The Bukchon Plan comments on how unsightly the concrete roads were, and how ill-fitted to the character of the historic district. Without going into great details, the planners undertook to replace the grey, untidy concrete with something more in keeping with hanoks, and more attractive to behold.
Work began to resurface the roads early in 2002. In Kahoi-Dong 31 the intention was to replace the concrete with a new road surface, designed to look like the hard packed red soil that probably paved the streets a century ago. The result was extremely attractive – at first. But poor workmanship and unsuitable materials soon left the roads in a more unsightly mess than ever before.
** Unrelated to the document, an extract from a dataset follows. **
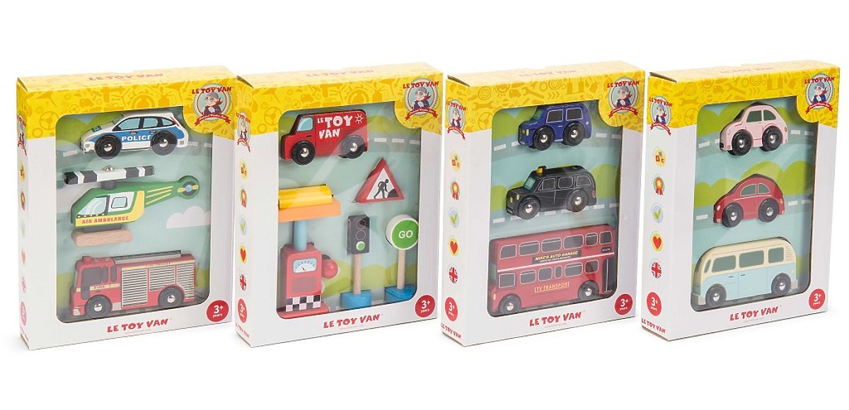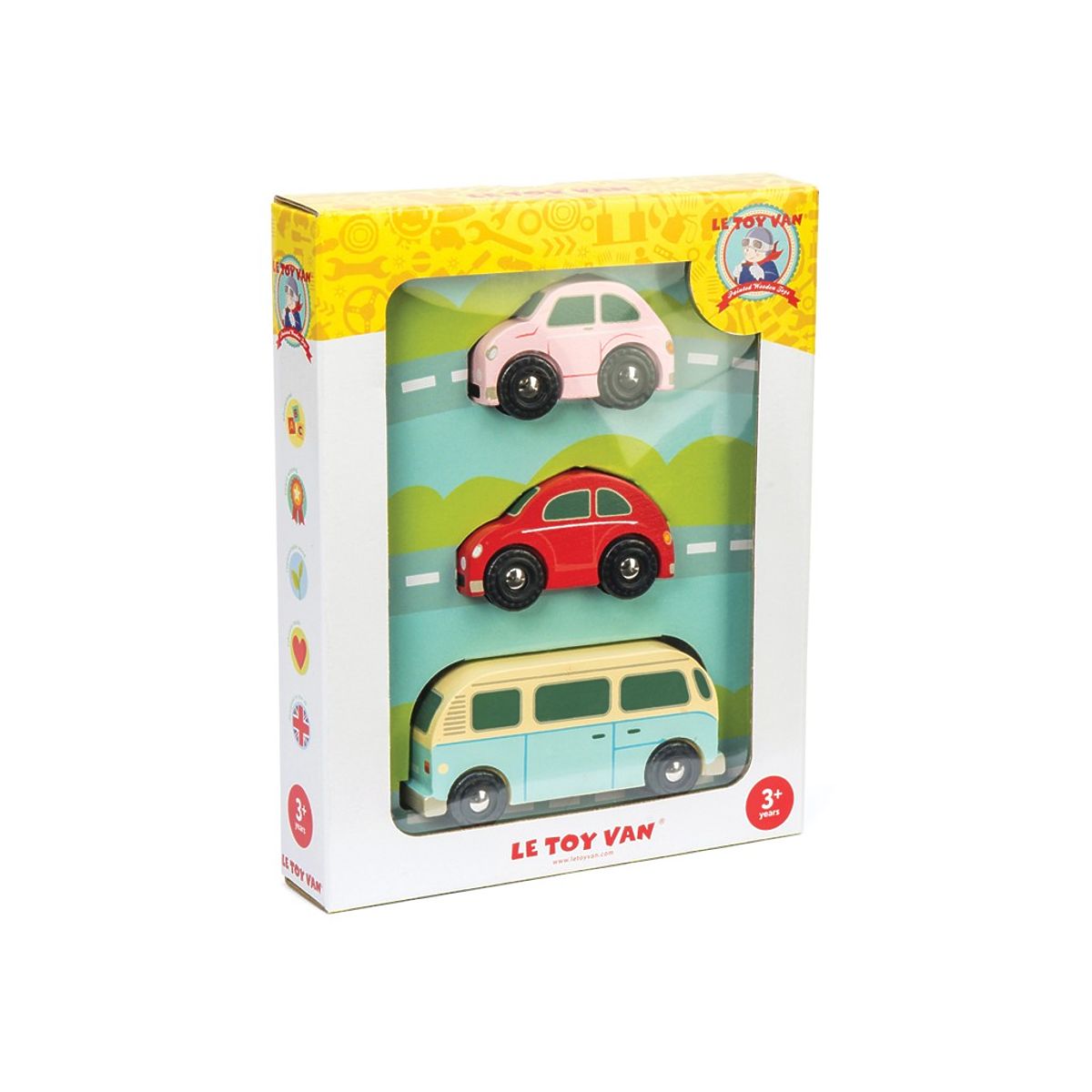 A set of retro cars for all children who love to play. This beautiful traditional toy in pastel and vibrant colors inspires imaginative play. The three cars in the package are compatible with Le Toy Van garages, play mats, and train sets. This award-winning toy is sure to bring a smile to children's faces. Toys with a Purpose: All toys from Le Toy Van are made to last. Lovingly designed by skilled craftsmen using ethical practices and sustainable materials that are kinder to our planet. Main features: ethically made from sustainable wood, tested to the highest standards, painted with non-toxic water-based paints, inspires imaginative play, develops cognitive skills. Toy Awards: Independent Toy Gold Award 2016. Cars & Construction: The Le Toy Van construction and motor collection has won many awards, specifically over 15 awards for imaginative cars and construction toys. They support children's imagination, are perfect for imaginative play, develop creativity, and playfully improve children's hand-eye coordination.

For example, repairs to the section of road photographed above were completed only as the first severe frosts of winter arrived in late 2005, and before the new surface was properly consolidated. Very quickly, the passage of cars created pot-holes and slowly the road began to crumble away yet again. To fix the problem, the metropolitan government tried spraying the surface with Epoxy and oil-based fixatives and plugging the pot holes with cement as well as clay.
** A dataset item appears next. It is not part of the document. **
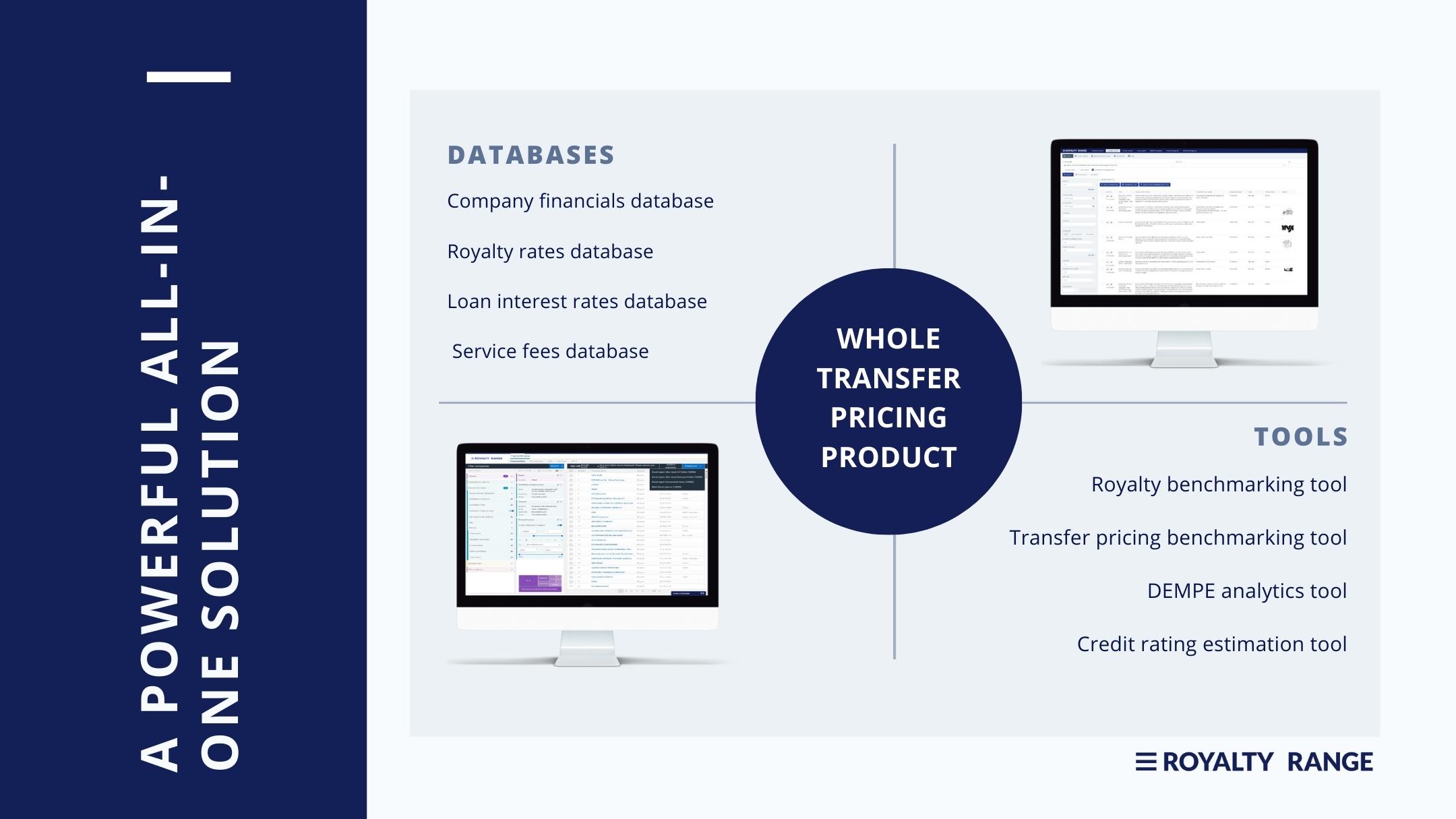 - Transfer pricing tools: RoyaltyRange offers a variety of transfer pricing tools to help businesses with their transfer pricing compliance and planning needs. These tools include a transfer pricing benchmarking tool, a profit split calculator, and a transfer pricing documentation generator.

Within days, the fine new road was stained from the application of all these disparate and unsuitable materials, and still the pot holes appear. The activities of construction companies that regularly dig holes in the roads and plug them with concrete, tarmac, or any other randomly selected material only makes matters worse.
Here, as in so many other aspects of implementing the Bukchon Plan, the government has paid no attention to ensuring that their promised improvements are delivered. Money is wasted on poor quality and inferior work that fails to deliver any social benefit.
Red is the colour of blood - could there be a historical
reason why this has proved so difficult? Even so, the sorry state of the
Red Road today is the result of six years of "preservation" and "restoration" work!
A related Page:
What has the Bukchon Plan achieved?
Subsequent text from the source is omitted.